◆ **Aim of the task**: Omit every picture, then return each line of the data below exactly.
#### Dataset entries
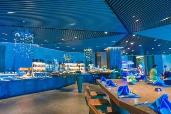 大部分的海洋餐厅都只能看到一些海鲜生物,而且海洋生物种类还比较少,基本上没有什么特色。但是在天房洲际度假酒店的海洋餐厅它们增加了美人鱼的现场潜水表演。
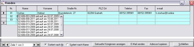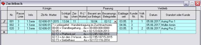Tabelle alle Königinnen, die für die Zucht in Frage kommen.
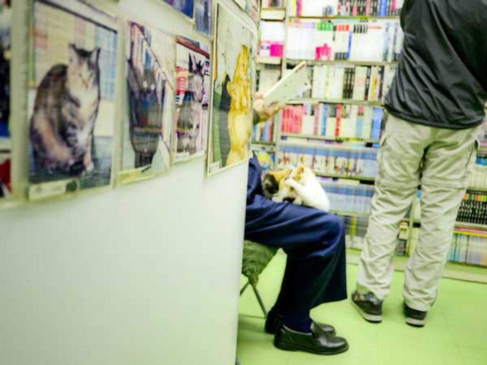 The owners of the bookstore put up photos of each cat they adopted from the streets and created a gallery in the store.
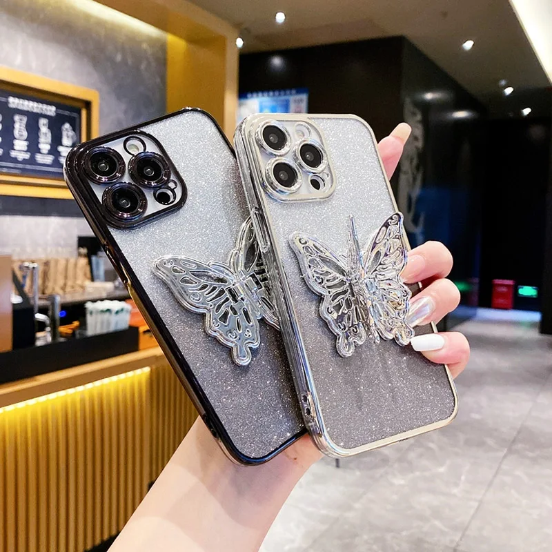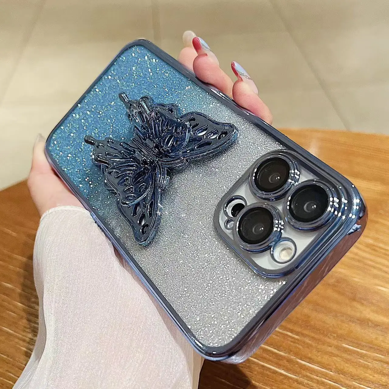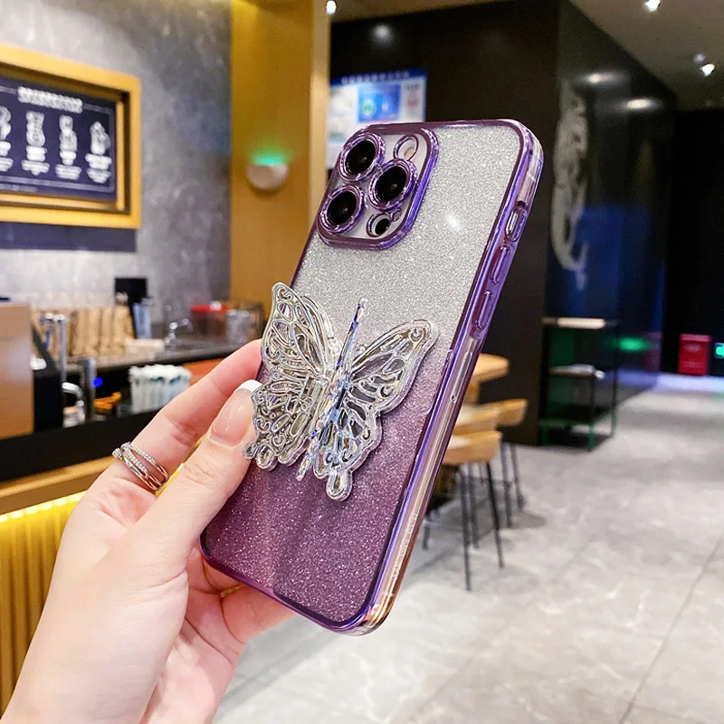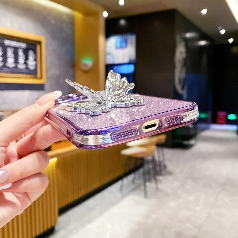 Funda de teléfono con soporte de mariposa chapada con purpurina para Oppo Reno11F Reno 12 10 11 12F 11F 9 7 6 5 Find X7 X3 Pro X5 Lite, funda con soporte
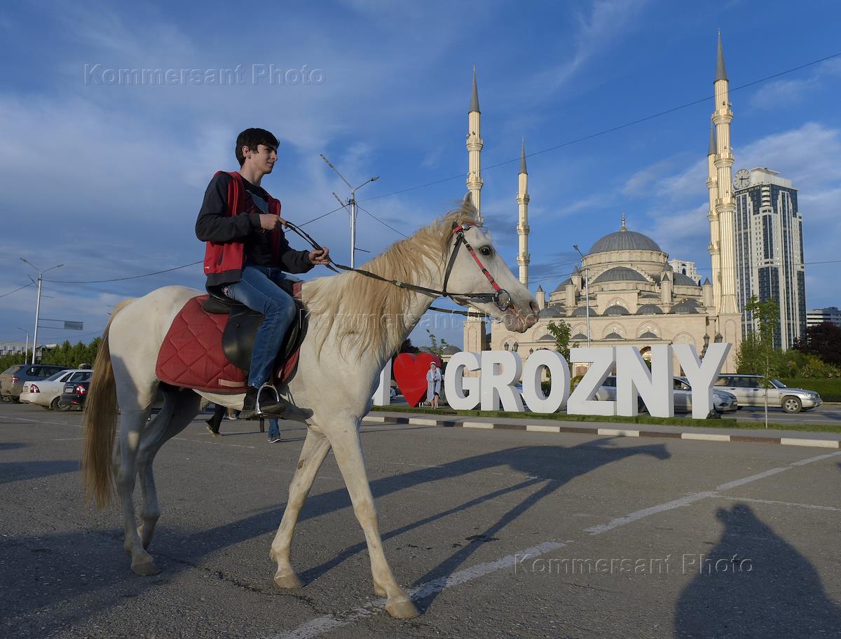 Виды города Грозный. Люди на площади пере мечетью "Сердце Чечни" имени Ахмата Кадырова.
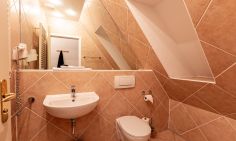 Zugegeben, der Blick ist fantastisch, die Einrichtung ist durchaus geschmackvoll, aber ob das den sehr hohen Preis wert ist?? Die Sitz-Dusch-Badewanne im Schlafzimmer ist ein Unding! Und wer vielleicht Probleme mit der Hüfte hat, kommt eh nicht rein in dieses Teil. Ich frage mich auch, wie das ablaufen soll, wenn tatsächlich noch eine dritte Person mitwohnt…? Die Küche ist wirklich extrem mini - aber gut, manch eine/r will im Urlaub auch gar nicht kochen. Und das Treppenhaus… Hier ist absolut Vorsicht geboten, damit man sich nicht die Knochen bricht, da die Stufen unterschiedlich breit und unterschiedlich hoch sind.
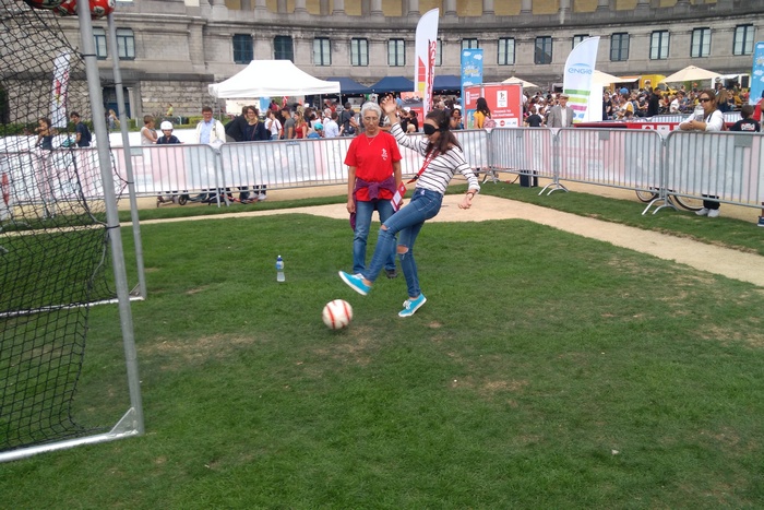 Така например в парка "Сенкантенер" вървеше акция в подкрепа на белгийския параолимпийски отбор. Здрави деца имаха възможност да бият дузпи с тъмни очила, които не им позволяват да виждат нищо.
########
◆ **Response for this exercise**:
 大部分的海洋餐厅都只能看到一些海鲜生物,而且海洋生物种类还比较少,基本上没有什么特色。但是在天房洲际度假酒店的海洋餐厅它们增加了美人鱼的现场潜水表演。
Tabelle alle Königinnen, die für die Zucht in Frage kommen.
 The owners of the bookstore put up photos of each cat they adopted from the streets and created a gallery in the store.
 Funda de teléfono con soporte de mariposa chapada con purpurina para Oppo Reno11F Reno 12 10 11 12F 11F 9 7 6 5 Find X7 X3 Pro X5 Lite, funda con soporte
 Виды города Грозный. Люди на площади пере мечетью "Сердце Чечни" имени Ахмата Кадырова.
 Zugegeben, der Blick ist fantastisch, die Einrichtung ist durchaus geschmackvoll, aber ob das den sehr hohen Preis wert ist?? Die Sitz-Dusch-Badewanne im Schlafzimmer ist ein Unding! Und wer vielleicht Probleme mit der Hüfte hat, kommt eh nicht rein in dieses Teil. Ich frage mich auch, wie das ablaufen soll, wenn tatsächlich noch eine dritte Person mitwohnt…? Die Küche ist wirklich extrem mini - aber gut, manch eine/r will im Urlaub auch gar nicht kochen. Und das Treppenhaus… Hier ist absolut Vorsicht geboten, damit man sich nicht die Knochen bricht, da die Stufen unterschiedlich breit und unterschiedlich hoch sind.
 Така например в парка "Сенкантенер" вървеше акция в подкрепа на белгийския параолимпийски отбор. Здрави деца имаха възможност да бият дузпи с тъмни очила, които не им позволяват да виждат нищо.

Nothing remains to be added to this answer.